**What you are asked to do**
The entries must be retyped exactly, down to the last line.

Provided entries START

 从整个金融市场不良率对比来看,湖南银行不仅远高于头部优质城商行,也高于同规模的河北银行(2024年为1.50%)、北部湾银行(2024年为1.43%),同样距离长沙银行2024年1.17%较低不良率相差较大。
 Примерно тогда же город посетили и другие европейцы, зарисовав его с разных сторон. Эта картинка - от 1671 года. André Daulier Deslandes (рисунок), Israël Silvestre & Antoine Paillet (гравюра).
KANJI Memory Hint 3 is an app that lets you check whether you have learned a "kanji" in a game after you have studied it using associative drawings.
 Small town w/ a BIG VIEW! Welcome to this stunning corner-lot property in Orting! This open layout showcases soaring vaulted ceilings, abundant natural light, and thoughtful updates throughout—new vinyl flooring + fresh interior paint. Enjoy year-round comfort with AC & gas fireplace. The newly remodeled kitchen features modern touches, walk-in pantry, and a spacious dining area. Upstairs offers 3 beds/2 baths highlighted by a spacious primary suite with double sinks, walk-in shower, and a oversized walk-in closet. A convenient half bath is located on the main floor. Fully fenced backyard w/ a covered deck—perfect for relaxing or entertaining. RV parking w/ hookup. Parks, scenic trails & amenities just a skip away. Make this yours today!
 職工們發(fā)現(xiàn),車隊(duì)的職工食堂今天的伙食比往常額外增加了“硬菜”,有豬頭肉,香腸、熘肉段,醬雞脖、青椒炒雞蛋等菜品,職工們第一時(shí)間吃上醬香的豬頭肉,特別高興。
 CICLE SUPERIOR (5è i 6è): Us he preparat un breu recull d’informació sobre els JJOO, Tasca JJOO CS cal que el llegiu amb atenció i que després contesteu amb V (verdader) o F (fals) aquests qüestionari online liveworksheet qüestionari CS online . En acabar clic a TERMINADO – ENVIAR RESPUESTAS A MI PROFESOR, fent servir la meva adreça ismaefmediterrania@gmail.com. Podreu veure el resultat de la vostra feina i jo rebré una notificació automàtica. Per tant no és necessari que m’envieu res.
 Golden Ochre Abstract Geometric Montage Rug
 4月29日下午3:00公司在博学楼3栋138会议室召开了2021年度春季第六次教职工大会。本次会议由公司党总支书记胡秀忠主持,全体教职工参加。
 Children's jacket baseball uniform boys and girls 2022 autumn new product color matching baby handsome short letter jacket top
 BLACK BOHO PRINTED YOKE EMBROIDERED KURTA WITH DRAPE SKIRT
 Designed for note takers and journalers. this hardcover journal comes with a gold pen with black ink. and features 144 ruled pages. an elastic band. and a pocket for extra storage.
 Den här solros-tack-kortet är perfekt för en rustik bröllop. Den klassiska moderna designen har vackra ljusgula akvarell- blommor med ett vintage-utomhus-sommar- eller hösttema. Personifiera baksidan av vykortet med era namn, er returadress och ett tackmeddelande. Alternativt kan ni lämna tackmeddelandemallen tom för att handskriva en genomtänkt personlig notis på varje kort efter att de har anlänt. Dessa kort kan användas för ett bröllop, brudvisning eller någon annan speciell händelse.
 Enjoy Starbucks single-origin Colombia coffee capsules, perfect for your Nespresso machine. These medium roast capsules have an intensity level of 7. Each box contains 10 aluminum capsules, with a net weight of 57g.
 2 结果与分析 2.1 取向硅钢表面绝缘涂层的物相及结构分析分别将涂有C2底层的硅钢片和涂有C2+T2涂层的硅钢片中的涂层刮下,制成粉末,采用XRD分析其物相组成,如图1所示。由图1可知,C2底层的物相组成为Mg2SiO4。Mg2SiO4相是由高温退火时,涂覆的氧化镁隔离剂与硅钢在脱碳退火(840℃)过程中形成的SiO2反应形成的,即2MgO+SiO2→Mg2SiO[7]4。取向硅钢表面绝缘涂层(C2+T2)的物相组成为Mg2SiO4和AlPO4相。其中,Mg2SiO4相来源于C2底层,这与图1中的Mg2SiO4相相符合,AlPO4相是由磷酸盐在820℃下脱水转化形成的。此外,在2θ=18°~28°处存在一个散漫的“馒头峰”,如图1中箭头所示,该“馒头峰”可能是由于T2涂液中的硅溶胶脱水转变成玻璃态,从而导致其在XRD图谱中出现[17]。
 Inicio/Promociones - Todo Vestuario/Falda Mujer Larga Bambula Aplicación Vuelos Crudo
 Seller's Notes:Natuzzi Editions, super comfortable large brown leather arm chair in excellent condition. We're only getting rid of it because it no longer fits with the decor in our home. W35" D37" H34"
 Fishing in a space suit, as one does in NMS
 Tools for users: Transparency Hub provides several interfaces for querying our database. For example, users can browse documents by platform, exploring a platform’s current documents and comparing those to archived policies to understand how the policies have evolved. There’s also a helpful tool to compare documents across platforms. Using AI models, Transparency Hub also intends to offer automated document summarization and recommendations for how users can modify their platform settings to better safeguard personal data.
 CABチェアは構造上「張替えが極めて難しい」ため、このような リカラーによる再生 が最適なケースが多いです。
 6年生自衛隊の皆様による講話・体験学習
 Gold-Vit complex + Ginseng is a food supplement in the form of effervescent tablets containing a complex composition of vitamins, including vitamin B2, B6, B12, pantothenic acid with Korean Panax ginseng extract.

Provided entries END

**Problem solution**
 从整个金融市场不良率对比来看,湖南银行不仅远高于头部优质城商行,也高于同规模的河北银行(2024年为1.50%)、北部湾银行(2024年为1.43%),同样距离长沙银行2024年1.17%较低不良率相差较大。
 Примерно тогда же город посетили и другие европейцы, зарисовав его с разных сторон. Эта картинка - от 1671 года. André Daulier Deslandes (рисунок), Israël Silvestre & Antoine Paillet (гравюра).
KANJI Memory Hint 3 is an app that lets you check whether you have learned a "kanji" in a game after you have studied it using associative drawings.
 Small town w/ a BIG VIEW! Welcome to this stunning corner-lot property in Orting! This open layout showcases soaring vaulted ceilings, abundant natural light, and thoughtful updates throughout—new vinyl flooring + fresh interior paint. Enjoy year-round comfort with AC & gas fireplace. The newly remodeled kitchen features modern touches, walk-in pantry, and a spacious dining area. Upstairs offers 3 beds/2 baths highlighted by a spacious primary suite with double sinks, walk-in shower, and a oversized walk-in closet. A convenient half bath is located on the main floor. Fully fenced backyard w/ a covered deck—perfect for relaxing or entertaining. RV parking w/ hookup. Parks, scenic trails & amenities just a skip away. Make this yours today!
 職工們發(fā)現(xiàn),車隊(duì)的職工食堂今天的伙食比往常額外增加了“硬菜”,有豬頭肉,香腸、熘肉段,醬雞脖、青椒炒雞蛋等菜品,職工們第一時(shí)間吃上醬香的豬頭肉,特別高興。
 CICLE SUPERIOR (5è i 6è): Us he preparat un breu recull d’informació sobre els JJOO, Tasca JJOO CS cal que el llegiu amb atenció i que després contesteu amb V (verdader) o F (fals) aquests qüestionari online liveworksheet qüestionari CS online . En acabar clic a TERMINADO – ENVIAR RESPUESTAS A MI PROFESOR, fent servir la meva adreça ismaefmediterrania@gmail.com. Podreu veure el resultat de la vostra feina i jo rebré una notificació automàtica. Per tant no és necessari que m’envieu res.
 Golden Ochre Abstract Geometric Montage Rug
 4月29日下午3:00公司在博学楼3栋138会议室召开了2021年度春季第六次教职工大会。本次会议由公司党总支书记胡秀忠主持,全体教职工参加。
 Children's jacket baseball uniform boys and girls 2022 autumn new product color matching baby handsome short letter jacket top
 BLACK BOHO PRINTED YOKE EMBROIDERED KURTA WITH DRAPE SKIRT
 Designed for note takers and journalers. this hardcover journal comes with a gold pen with black ink. and features 144 ruled pages. an elastic band. and a pocket for extra storage.
 Den här solros-tack-kortet är perfekt för en rustik bröllop. Den klassiska moderna designen har vackra ljusgula akvarell- blommor med ett vintage-utomhus-sommar- eller hösttema. Personifiera baksidan av vykortet med era namn, er returadress och ett tackmeddelande. Alternativt kan ni lämna tackmeddelandemallen tom för att handskriva en genomtänkt personlig notis på varje kort efter att de har anlänt. Dessa kort kan användas för ett bröllop, brudvisning eller någon annan speciell händelse.
 Enjoy Starbucks single-origin Colombia coffee capsules, perfect for your Nespresso machine. These medium roast capsules have an intensity level of 7. Each box contains 10 aluminum capsules, with a net weight of 57g.
 2 结果与分析 2.1 取向硅钢表面绝缘涂层的物相及结构分析分别将涂有C2底层的硅钢片和涂有C2+T2涂层的硅钢片中的涂层刮下,制成粉末,采用XRD分析其物相组成,如图1所示。由图1可知,C2底层的物相组成为Mg2SiO4。Mg2SiO4相是由高温退火时,涂覆的氧化镁隔离剂与硅钢在脱碳退火(840℃)过程中形成的SiO2反应形成的,即2MgO+SiO2→Mg2SiO[7]4。取向硅钢表面绝缘涂层(C2+T2)的物相组成为Mg2SiO4和AlPO4相。其中,Mg2SiO4相来源于C2底层,这与图1中的Mg2SiO4相相符合,AlPO4相是由磷酸盐在820℃下脱水转化形成的。此外,在2θ=18°~28°处存在一个散漫的“馒头峰”,如图1中箭头所示,该“馒头峰”可能是由于T2涂液中的硅溶胶脱水转变成玻璃态,从而导致其在XRD图谱中出现[17]。
 Inicio/Promociones - Todo Vestuario/Falda Mujer Larga Bambula Aplicación Vuelos Crudo
 Seller's Notes:Natuzzi Editions, super comfortable large brown leather arm chair in excellent condition. We're only getting rid of it because it no longer fits with the decor in our home. W35" D37" H34"
 Fishing in a space suit, as one does in NMS
 Tools for users: Transparency Hub provides several interfaces for querying our database. For example, users can browse documents by platform, exploring a platform’s current documents and comparing those to archived policies to understand how the policies have evolved. There’s also a helpful tool to compare documents across platforms. Using AI models, Transparency Hub also intends to offer automated document summarization and recommendations for how users can modify their platform settings to better safeguard personal data.
 CABチェアは構造上「張替えが極めて難しい」ため、このような リカラーによる再生 が最適なケースが多いです。
 6年生自衛隊の皆様による講話・体験学習
 Gold-Vit complex + Ginseng is a food supplement in the form of effervescent tablets containing a complex composition of vitamins, including vitamin B2, B6, B12, pantothenic acid with Korean Panax ginseng extract.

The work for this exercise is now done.